_Entries supplied_.
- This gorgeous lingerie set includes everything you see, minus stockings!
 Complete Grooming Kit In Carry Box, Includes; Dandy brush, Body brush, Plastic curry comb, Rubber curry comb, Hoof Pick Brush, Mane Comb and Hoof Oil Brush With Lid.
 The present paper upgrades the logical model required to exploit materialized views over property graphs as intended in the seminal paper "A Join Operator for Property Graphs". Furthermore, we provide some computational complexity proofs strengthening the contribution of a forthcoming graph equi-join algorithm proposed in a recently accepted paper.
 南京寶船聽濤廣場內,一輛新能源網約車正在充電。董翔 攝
--
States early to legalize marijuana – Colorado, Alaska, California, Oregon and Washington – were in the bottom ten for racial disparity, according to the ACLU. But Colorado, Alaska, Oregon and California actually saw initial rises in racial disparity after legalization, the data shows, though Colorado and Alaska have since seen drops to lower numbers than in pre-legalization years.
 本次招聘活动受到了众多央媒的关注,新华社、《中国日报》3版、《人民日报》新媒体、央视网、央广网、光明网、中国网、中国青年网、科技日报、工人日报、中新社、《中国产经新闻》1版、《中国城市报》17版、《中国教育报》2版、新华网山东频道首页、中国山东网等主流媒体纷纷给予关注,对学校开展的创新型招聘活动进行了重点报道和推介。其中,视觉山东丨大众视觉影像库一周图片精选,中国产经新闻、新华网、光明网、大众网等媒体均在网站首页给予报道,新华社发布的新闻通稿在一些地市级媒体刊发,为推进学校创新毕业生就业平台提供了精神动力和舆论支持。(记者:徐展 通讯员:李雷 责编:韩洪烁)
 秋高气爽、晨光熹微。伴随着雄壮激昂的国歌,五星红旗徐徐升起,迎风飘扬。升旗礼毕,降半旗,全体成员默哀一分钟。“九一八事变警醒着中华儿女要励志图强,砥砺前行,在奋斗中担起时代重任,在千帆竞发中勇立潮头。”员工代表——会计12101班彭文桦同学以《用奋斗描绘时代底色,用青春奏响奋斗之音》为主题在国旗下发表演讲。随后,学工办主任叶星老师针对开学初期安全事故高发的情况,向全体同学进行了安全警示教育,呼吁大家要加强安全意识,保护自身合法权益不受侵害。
--
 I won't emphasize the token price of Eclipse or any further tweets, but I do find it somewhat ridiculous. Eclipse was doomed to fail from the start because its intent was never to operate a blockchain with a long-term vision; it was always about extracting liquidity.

_Instructions to follow_.
In the data above, start at the line that has "Complete Grooming Kit", stop after the line that has "南京寶船聽濤廣場內,一輛新能源網約車正在充電。董翔 攝", and print every line in between exactly as it stands.

_Your response_.
 Complete Grooming Kit In Carry Box, Includes; Dandy brush, Body brush, Plastic curry comb, Rubber curry comb, Hoof Pick Brush, Mane Comb and Hoof Oil Brush With Lid.
 The present paper upgrades the logical model required to exploit materialized views over property graphs as intended in the seminal paper "A Join Operator for Property Graphs". Furthermore, we provide some computational complexity proofs strengthening the contribution of a forthcoming graph equi-join algorithm proposed in a recently accepted paper.
 南京寶船聽濤廣場內,一輛新能源網約車正在充電。董翔 攝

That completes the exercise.